Lines from the one with "Jorge Campos, el" up to and including the one with "Com vista a" are to be copied exactly from the records below, without their pictures.

*** Opening Material provided ***

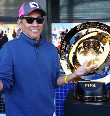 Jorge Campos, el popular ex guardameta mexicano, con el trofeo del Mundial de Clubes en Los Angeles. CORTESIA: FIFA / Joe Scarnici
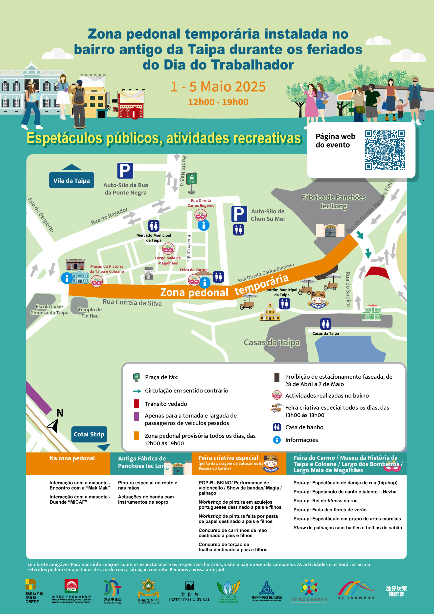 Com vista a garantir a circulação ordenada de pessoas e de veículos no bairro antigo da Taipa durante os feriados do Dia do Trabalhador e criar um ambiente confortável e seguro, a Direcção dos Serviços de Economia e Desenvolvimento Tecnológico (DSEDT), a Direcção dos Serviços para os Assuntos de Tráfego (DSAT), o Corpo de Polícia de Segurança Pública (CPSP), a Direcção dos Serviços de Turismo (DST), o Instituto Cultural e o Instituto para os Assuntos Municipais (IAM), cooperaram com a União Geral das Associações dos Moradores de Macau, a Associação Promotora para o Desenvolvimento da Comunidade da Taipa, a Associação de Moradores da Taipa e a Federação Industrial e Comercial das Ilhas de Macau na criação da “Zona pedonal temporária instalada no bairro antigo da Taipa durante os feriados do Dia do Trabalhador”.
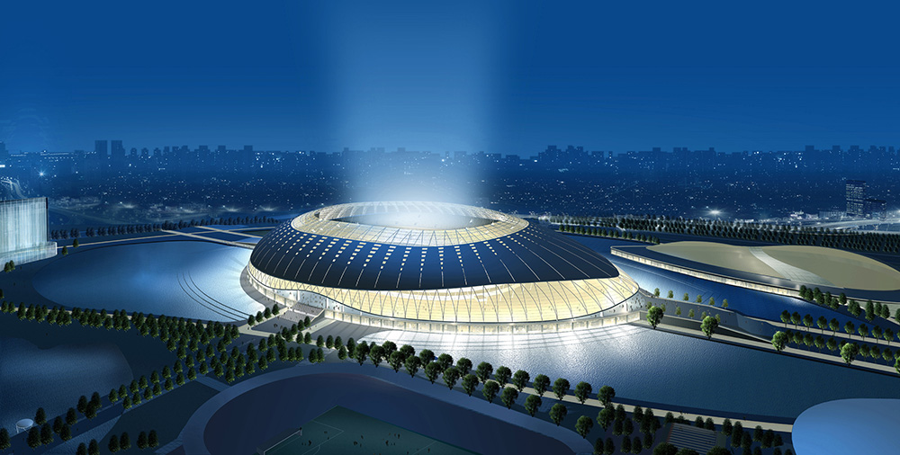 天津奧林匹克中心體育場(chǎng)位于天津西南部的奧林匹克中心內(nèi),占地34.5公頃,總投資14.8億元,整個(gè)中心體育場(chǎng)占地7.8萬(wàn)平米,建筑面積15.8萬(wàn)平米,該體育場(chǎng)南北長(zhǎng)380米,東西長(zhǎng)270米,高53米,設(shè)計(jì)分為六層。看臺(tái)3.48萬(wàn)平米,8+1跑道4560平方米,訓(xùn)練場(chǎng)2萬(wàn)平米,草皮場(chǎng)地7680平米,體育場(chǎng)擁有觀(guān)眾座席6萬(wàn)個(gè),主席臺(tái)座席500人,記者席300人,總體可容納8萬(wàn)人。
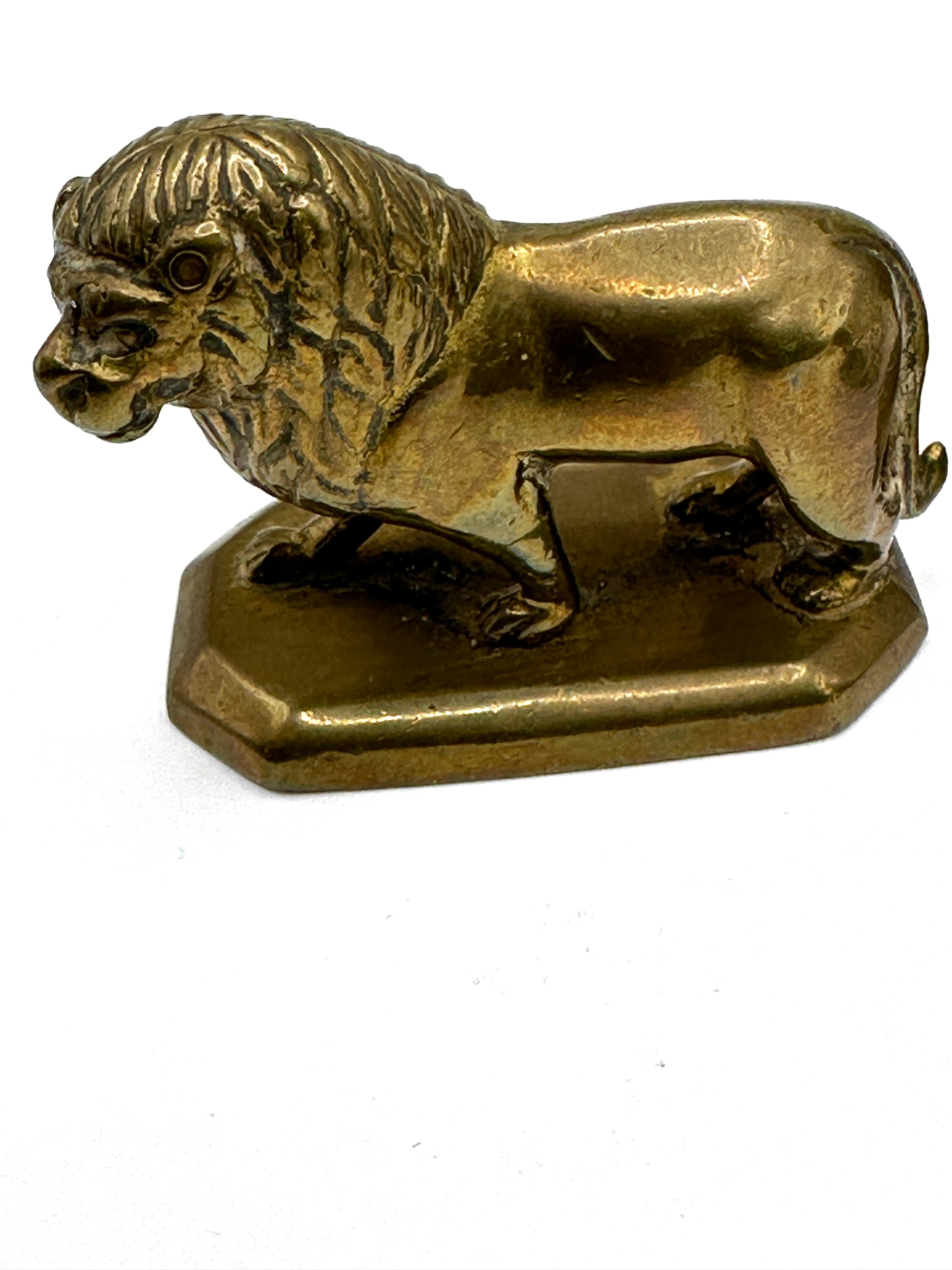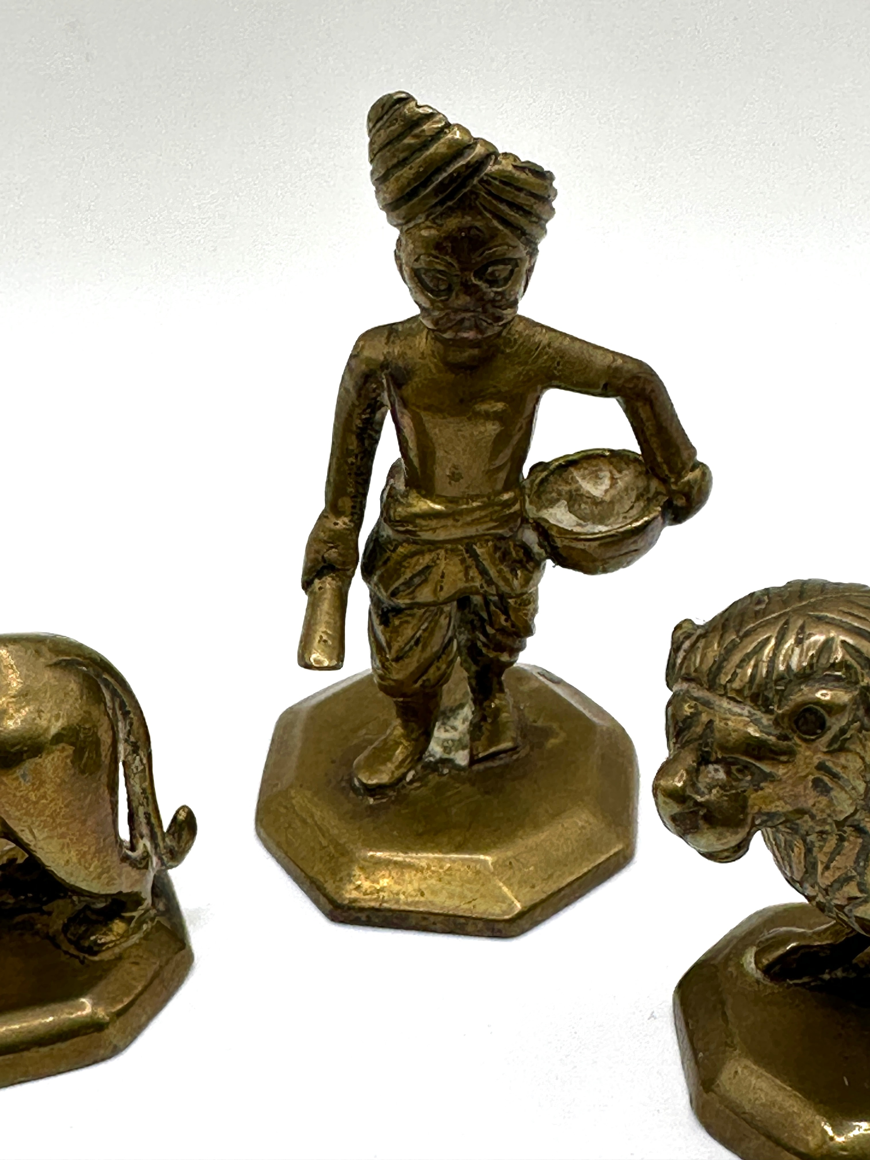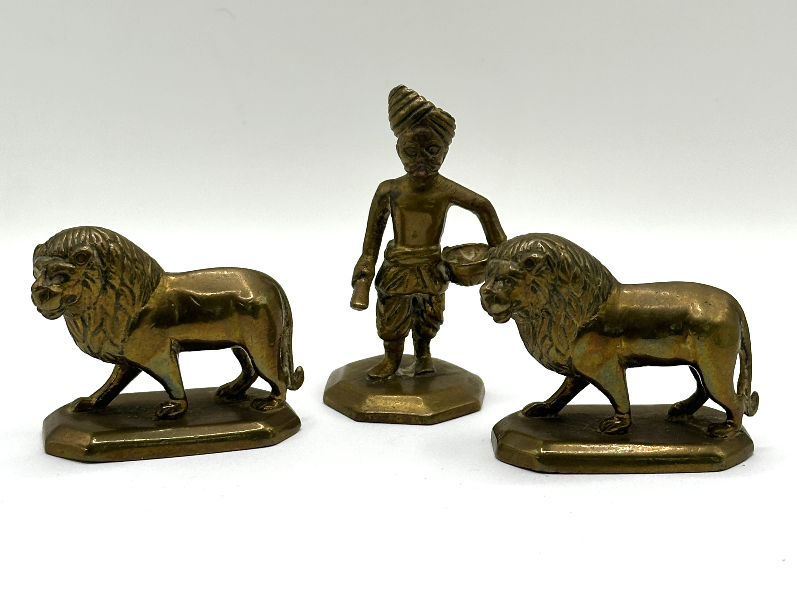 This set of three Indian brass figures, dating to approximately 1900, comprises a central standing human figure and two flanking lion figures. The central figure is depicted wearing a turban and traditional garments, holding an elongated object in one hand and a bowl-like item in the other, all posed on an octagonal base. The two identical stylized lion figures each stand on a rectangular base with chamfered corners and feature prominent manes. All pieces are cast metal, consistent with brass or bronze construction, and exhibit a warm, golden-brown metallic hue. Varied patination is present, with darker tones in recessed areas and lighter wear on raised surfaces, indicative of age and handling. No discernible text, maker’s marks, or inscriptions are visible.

*** Closing Material provided ***
*** Opening Material provided ***

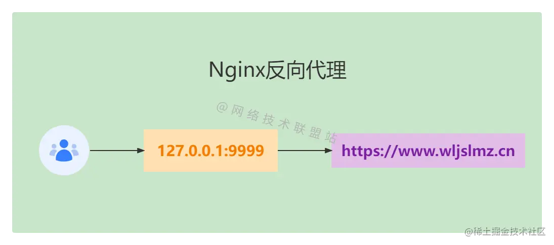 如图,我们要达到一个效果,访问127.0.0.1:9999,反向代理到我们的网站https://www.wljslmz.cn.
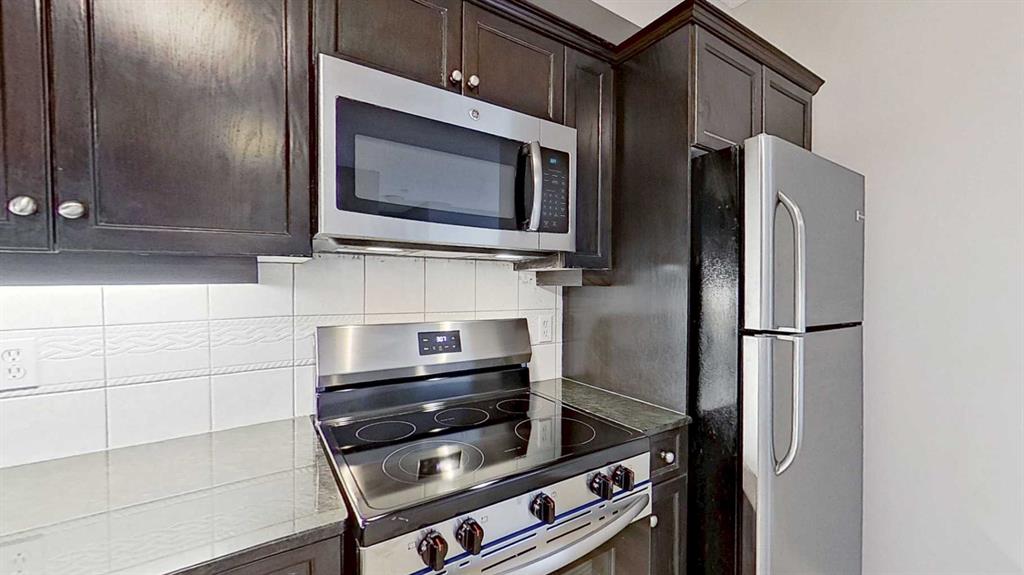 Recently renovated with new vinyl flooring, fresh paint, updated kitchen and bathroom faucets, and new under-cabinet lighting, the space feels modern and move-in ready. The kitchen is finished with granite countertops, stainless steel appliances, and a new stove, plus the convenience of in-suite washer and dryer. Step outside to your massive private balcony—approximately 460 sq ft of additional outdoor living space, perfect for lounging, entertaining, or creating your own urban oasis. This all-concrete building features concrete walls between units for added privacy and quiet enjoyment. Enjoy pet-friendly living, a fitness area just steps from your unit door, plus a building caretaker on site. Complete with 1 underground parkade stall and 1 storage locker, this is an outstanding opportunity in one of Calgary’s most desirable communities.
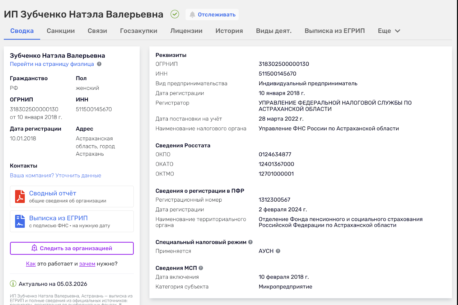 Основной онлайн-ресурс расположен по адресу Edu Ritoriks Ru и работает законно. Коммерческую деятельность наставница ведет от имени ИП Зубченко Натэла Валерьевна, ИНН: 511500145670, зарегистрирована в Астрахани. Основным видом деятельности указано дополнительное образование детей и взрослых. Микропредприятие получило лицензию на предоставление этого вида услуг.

*** Closing Material provided ***

*Result of the exercise*.
 Jorge Campos, el popular ex guardameta mexicano, con el trofeo del Mundial de Clubes en Los Angeles. CORTESIA: FIFA / Joe Scarnici
 Com vista a garantir a circulação ordenada de pessoas e de veículos no bairro antigo da Taipa durante os feriados do Dia do Trabalhador e criar um ambiente confortável e seguro, a Direcção dos Serviços de Economia e Desenvolvimento Tecnológico (DSEDT), a Direcção dos Serviços para os Assuntos de Tráfego (DSAT), o Corpo de Polícia de Segurança Pública (CPSP), a Direcção dos Serviços de Turismo (DST), o Instituto Cultural e o Instituto para os Assuntos Municipais (IAM), cooperaram com a União Geral das Associações dos Moradores de Macau, a Associação Promotora para o Desenvolvimento da Comunidade da Taipa, a Associação de Moradores da Taipa e a Federação Industrial e Comercial das Ilhas de Macau na criação da “Zona pedonal temporária instalada no bairro antigo da Taipa durante os feriados do Dia do Trabalhador”.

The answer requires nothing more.